The Serialization Farmyard

Continuing our farmyard theme from previous articles, the Serialization Farmyard is a simple Windows application in which the user can create a new farmyard, populate it with animals and then save it to disk for later use. The user can also reload a previous farmyard from disk and and edit it as they see fit. The application uses binary serialization/de-serialization for saving and loading farmyards, and the object model is shown below (click to zoom):

Making Objects Serializable

Now lets take a quick look at the Animal class:

// C#
[Serializable]
public abstract class Animal
{
    public virtual string Name { get; set; }
    public virtual int Arrived { get; set; }

    public abstract int SpaceRequired { get; }
}
' Visual Basic
<Serializable()>
Public MustInherit Class Animal

    Public Property Name As String
    Public Property Arrived As Integer

    Public MustOverride ReadOnly Property SpaceRequired As Integer

End Class

Notice how the class has been decorated with a Serializable attribute? This is how we mark a class as being binary serializable (and SOAP serializable too. XML serialization uses to totally different mechanism). It is important to note however, that for an object to be fully serializable, not only must it be decorated with Serializable attribute, but the types of all of its members must too be either serializable or explicitly marked as non-serialized (we will look at an example of this later). If not, then an exception will be thrown at run-time. In the above example, all the members are of primitive types which are always serializable.
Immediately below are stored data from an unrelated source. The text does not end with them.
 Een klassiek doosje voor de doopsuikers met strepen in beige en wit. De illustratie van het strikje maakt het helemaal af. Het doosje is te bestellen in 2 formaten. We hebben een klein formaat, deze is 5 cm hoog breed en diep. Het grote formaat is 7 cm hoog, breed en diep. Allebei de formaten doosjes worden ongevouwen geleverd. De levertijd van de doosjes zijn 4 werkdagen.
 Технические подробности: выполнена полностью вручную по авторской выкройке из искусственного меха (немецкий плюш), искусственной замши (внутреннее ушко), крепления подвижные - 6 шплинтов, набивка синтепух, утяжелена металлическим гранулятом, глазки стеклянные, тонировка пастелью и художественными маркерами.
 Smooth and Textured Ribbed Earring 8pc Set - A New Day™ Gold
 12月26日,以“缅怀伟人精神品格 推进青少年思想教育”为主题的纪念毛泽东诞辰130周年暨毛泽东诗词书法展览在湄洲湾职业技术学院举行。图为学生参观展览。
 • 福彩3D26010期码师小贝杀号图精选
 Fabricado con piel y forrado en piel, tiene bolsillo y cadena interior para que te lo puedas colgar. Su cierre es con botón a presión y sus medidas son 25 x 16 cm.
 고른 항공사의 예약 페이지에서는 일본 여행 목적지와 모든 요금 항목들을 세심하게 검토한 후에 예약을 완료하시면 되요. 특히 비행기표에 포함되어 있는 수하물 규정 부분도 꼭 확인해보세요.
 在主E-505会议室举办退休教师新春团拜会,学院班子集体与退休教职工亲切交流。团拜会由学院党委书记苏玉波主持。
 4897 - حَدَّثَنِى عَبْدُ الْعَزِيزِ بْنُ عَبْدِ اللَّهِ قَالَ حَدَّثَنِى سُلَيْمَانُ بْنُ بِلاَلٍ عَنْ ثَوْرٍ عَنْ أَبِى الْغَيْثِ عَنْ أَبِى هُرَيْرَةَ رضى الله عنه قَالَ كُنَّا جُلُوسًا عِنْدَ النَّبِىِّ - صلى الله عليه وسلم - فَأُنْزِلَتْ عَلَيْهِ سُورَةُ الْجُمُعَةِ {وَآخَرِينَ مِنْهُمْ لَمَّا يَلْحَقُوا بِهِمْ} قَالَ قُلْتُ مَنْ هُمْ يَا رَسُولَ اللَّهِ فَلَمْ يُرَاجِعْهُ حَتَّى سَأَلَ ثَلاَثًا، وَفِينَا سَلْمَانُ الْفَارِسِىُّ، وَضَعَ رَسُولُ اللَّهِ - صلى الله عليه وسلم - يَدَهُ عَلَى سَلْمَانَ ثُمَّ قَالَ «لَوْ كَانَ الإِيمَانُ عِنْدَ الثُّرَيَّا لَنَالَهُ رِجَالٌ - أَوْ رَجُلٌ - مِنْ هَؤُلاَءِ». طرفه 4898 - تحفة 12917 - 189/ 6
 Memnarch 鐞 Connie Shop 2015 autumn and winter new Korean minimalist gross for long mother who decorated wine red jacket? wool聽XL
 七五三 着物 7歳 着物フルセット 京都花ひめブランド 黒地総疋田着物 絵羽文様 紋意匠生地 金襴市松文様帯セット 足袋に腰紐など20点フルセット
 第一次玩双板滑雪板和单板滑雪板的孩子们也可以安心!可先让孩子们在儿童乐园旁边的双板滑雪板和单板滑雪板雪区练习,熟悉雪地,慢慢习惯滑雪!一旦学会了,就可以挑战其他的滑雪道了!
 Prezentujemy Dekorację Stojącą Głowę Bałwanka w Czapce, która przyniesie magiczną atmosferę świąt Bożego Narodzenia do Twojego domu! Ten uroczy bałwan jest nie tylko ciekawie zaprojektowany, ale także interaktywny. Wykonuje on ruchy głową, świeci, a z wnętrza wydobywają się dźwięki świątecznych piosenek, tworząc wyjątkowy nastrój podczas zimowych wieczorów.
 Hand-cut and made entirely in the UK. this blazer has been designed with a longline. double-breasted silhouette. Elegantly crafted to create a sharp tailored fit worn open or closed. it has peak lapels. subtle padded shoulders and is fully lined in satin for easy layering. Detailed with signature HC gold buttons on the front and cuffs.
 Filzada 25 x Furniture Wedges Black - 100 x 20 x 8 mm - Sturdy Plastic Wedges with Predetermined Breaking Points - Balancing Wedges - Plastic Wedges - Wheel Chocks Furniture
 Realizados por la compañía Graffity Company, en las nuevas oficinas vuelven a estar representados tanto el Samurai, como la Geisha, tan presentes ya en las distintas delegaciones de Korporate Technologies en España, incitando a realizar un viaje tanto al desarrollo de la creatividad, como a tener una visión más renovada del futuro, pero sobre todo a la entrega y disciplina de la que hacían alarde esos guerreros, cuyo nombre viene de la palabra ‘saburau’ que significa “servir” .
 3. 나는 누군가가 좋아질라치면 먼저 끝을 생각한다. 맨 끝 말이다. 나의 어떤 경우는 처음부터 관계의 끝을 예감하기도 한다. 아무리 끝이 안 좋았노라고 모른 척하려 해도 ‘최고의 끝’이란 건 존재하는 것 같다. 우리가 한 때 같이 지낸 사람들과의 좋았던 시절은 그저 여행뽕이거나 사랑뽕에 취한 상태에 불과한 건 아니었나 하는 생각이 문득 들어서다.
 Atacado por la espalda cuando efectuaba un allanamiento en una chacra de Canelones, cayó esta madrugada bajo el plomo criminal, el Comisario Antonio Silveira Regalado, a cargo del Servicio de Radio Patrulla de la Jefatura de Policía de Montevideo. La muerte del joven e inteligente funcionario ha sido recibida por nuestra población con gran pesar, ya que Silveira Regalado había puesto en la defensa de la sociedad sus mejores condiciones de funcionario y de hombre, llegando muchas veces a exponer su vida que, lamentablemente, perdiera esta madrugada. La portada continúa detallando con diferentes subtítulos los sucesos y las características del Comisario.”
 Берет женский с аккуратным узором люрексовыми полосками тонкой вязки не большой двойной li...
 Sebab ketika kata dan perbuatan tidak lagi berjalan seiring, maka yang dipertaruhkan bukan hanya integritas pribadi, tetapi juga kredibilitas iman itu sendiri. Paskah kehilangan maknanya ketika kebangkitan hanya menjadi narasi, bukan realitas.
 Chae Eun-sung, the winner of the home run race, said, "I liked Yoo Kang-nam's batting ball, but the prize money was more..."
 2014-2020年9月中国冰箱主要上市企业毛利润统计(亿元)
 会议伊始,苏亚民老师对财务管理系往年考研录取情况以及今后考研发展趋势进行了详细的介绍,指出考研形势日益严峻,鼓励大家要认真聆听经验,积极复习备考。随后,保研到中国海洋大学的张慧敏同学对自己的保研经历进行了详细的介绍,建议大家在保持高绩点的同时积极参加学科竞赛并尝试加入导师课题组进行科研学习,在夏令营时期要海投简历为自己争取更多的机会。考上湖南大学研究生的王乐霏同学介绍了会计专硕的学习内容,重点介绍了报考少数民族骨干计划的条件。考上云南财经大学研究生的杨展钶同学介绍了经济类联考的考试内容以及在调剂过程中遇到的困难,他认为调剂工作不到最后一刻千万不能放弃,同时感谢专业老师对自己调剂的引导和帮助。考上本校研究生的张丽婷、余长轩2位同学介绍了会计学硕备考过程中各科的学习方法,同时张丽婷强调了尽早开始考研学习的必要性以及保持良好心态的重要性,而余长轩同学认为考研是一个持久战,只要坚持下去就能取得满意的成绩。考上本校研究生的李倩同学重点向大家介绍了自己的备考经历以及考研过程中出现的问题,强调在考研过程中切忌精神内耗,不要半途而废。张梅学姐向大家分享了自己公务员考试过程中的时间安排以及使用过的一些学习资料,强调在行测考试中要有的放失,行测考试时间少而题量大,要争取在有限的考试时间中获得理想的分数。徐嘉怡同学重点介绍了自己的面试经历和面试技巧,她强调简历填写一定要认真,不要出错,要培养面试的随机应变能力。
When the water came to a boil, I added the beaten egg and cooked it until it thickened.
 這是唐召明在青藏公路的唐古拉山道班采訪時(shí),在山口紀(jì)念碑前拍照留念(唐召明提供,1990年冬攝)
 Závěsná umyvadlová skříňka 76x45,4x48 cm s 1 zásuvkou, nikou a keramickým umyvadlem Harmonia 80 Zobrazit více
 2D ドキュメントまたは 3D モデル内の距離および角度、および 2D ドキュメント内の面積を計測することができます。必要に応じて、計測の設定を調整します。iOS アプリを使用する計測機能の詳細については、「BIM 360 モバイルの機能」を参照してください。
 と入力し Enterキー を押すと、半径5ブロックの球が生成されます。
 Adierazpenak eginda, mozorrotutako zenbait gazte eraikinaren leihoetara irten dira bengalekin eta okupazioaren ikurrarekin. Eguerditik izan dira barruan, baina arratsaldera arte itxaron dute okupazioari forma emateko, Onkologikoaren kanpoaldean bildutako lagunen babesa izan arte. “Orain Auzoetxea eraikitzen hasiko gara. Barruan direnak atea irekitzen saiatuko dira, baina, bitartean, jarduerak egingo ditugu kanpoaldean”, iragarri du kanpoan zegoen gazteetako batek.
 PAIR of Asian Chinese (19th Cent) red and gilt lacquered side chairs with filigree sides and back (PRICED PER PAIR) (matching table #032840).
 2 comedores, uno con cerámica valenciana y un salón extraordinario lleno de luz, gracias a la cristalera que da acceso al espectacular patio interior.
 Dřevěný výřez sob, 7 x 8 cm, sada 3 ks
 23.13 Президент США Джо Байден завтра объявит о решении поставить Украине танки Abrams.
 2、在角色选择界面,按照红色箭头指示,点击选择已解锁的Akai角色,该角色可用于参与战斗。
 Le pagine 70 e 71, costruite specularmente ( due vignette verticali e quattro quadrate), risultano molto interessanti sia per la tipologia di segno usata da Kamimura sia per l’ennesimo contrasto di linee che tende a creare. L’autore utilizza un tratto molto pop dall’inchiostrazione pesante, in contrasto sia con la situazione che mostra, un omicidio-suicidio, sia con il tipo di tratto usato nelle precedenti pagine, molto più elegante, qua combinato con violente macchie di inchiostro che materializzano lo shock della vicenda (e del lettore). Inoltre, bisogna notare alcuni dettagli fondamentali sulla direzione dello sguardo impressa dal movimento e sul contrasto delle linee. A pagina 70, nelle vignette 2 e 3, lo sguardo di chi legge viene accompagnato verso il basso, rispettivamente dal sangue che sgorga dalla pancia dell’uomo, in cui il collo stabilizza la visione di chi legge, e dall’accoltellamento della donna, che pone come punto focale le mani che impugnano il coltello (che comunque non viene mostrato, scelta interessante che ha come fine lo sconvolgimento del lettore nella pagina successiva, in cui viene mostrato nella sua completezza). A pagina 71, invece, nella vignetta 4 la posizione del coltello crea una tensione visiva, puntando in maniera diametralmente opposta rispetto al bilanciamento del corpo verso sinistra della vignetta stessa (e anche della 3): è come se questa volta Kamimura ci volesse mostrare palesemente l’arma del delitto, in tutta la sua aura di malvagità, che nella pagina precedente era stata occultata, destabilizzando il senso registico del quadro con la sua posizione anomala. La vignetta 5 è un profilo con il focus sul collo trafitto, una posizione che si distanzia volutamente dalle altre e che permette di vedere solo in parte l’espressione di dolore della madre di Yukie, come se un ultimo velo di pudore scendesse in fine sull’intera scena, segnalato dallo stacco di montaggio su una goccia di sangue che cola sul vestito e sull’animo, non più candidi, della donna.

Now you could quite easily assume that if a base class is marked as serializable, any sub-classes would therefore also be serializable. This however is not the case, as the Serializable attribute is not inheritable. Therefore any sub-classes of our abstract Animal class must therefore also be explicitly decorated with the Serializable, for example:

// C#
[Serializable]
public class Sheep : Animal
{
    public override int SpaceRequired
    {
        get { return 3; }
    }
}
' Visual Basic
<Serializable()>
Public Class Sheep
    Inherits Animal

    Public Overrides ReadOnly Property SpaceRequired As Integer
        Get
            Return 3
        End Get
    End Property
End Class

Also, don't think you can get away with just decorating your sub-classes with the Serializable attribute! All classes up the inheritance hierarchy must also be suitably decorated otherwise an exception will be thrown at run-time.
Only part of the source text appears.